For pokemon typing, we have previously established that Psychic and Dragon types have the highest proportion of legendary pokemon. We can create a column called type3 that indicates whether a pokemon has Psychic or Dragon as one of its typings.
pkmn[is.na(pkmn$type2), "type2"] = "None"
pkmn = pkmn %>%
mutate(type3 = ifelse(type1=="psychic"|type2=="psychic"|type1=="dragon"|type2=="dragon", 1, 0))
pkmn$type3[1:100]
## [1] 0 0 0 0 0 0 0 0 0 0 0 0 0 0 0 0 0 0 0 0 0 0 0 0 0 0 0 0 0 0 0 0 0 0 0
## [36] 0 0 0 0 0 0 0 0 0 0 0 0 0 0 0 0 0 0 0 0 0 0 0 0 0 0 0 1 1 1 0 0 0 0 0
## [71] 0 0 0 0 0 0 0 0 1 1 0 0 0 0 0 0 0 0 0 0 0 0 0 0 0 1 1 0 0 0
We shall now remove drop columns which are not useful and convert the column types appropriately. We can also explore each feature and how it relates to whether a pokemon is legendary. This will give us an idea of whether a feature will be useful.
pkmn2 = pkmn[, c(21,22,23,24,27,39,41:44)]
pkmn2$capture_rate = as.numeric(pkmn2$capture_rate)
pkmn2$is_legendary = as.factor(pkmn2$is_legendary)
pkmn2$leg_abil = as.factor(pkmn2$leg_abil)
pkmn2$type3 = as.factor(pkmn2$type3)
str(pkmn2)
## Classes 'tbl_df', 'tbl' and 'data.frame': 801 obs. of 10 variables:
## $ base_egg_steps : num 5120 5120 5120 5120 5120 5120 5120 5120 5120 3840 ...
## $ base_happiness : num 70 70 70 70 70 70 70 70 70 70 ...
## $ base_total : num 318 405 625 309 405 634 314 405 630 195 ...
## $ capture_rate : num 45 45 45 45 45 45 45 45 45 255 ...
## $ experience_growth: num 1059860 1059860 1059860 1059860 1059860 ...
## $ weight_kg : num 6.9 13 100 8.5 19 90.5 9 22.5 85.5 2.9 ...
## $ is_legendary : Factor w/ 2 levels "0","1": 1 1 1 1 1 1 1 1 1 1 ...
## $ tot_resist : num 19.2 19.2 19.2 18 18 ...
## $ leg_abil : Factor w/ 2 levels "0","1": 1 1 1 1 1 1 1 1 1 1 ...

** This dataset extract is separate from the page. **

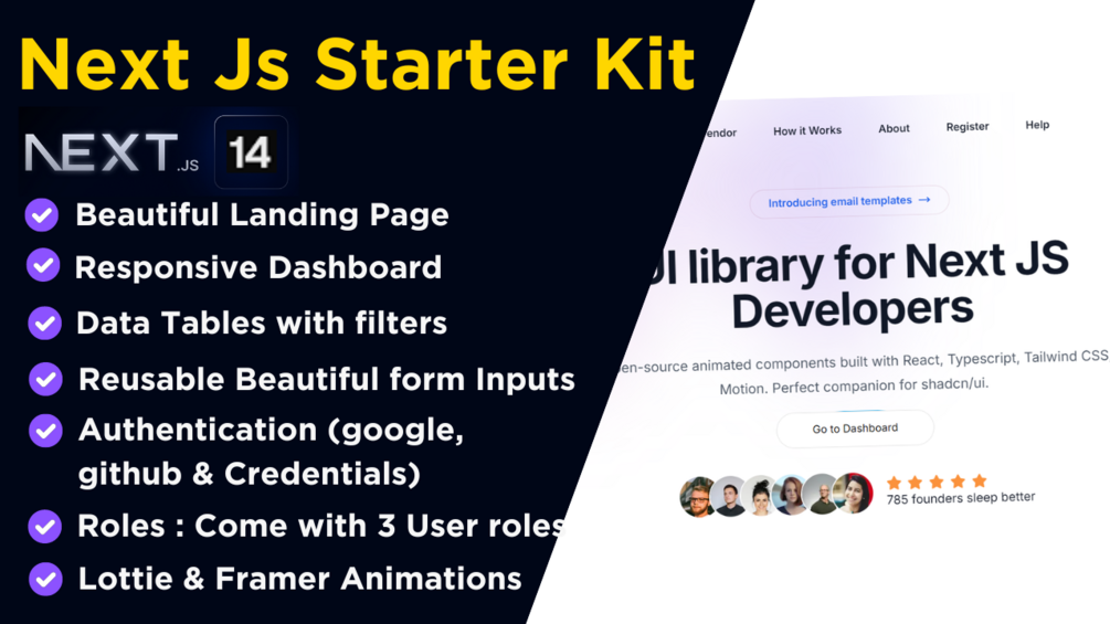 You will get a comprehensive Next.js TypeScript Starter Kit featuring a beautiful landing page, responsive dashboard, data tables with filters, reusable form inputs, authentication, and role management.
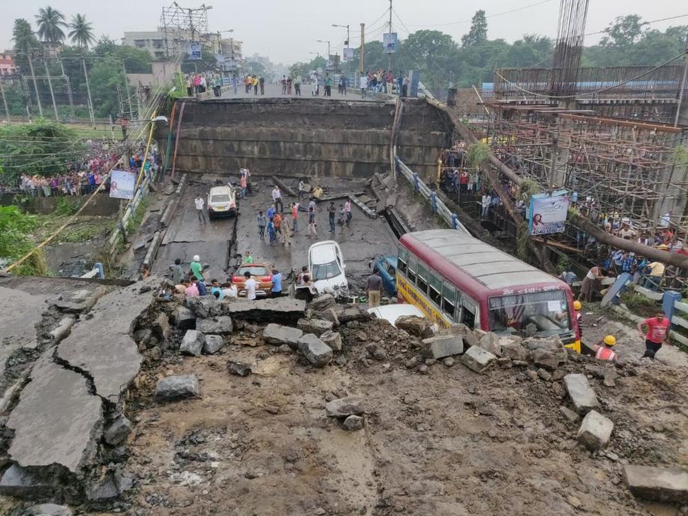 "Упали легковые машины и автобус". Появились фото рухнувшего моста в Калькутте

## $ type3 : Factor w/ 2 levels "0","1": 1 1 1 1 1 1 1 1 1 1 ...
ggplot(pkmn2) +
geom_boxplot(aes(is_legendary, base_egg_steps))
ggplot(pkmn2) +
geom_boxplot(aes(is_legendary, base_happiness))
ggplot(pkmn2) +
geom_boxplot(aes(is_legendary, base_total))
ggplot(pkmn2) +
geom_boxplot(aes(is_legendary, capture_rate))
ggplot(pkmn2) +
geom_boxplot(aes(is_legendary, experience_growth))
ggplot(pkmn2) +
geom_boxplot(aes(is_legendary, weight_kg))
ggplot(pkmn2) +
geom_boxplot(aes(is_legendary, tot_resist))
ggplot(pkmn2) +
geom_bar(aes(is_legendary, fill=leg_abil))
ggplot(pkmn2) +
geom_bar(aes(is_legendary, fill=type3))
From the boxplots we can see that base_egg_steps, base_total and capture_rate have a distinct separation between legendary and non-legendary pokemon and are likely to be useful in the model. Conversely, weight_kg and tot_resist are likely to be poor predictors as there is no distinction.

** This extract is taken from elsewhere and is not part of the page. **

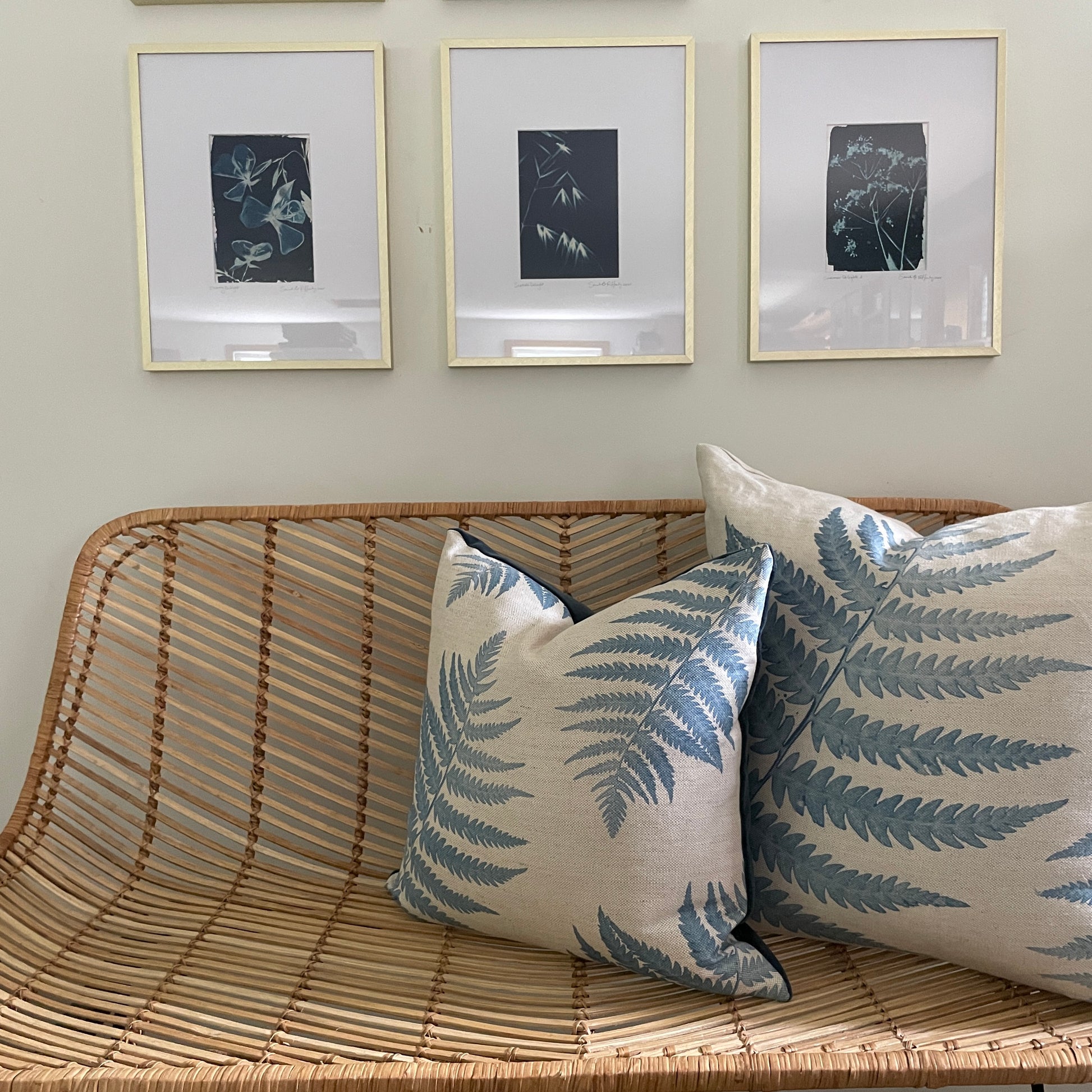 All pillows are made in Pennsylvania, from Sarah’s original cyanotypes, using linen from Belgium.

The next step before initialising our model is to visualise the correlation between our variables. This is important in identifying multicollinearity in our model.
#For continuous variables
library(heatmaply)
library(grDevices)
heatmaply(abs(cor(pkmn2[, c(1:6,8)])), dendrogram='none', show_grid=T, colors=c("black","yellow"))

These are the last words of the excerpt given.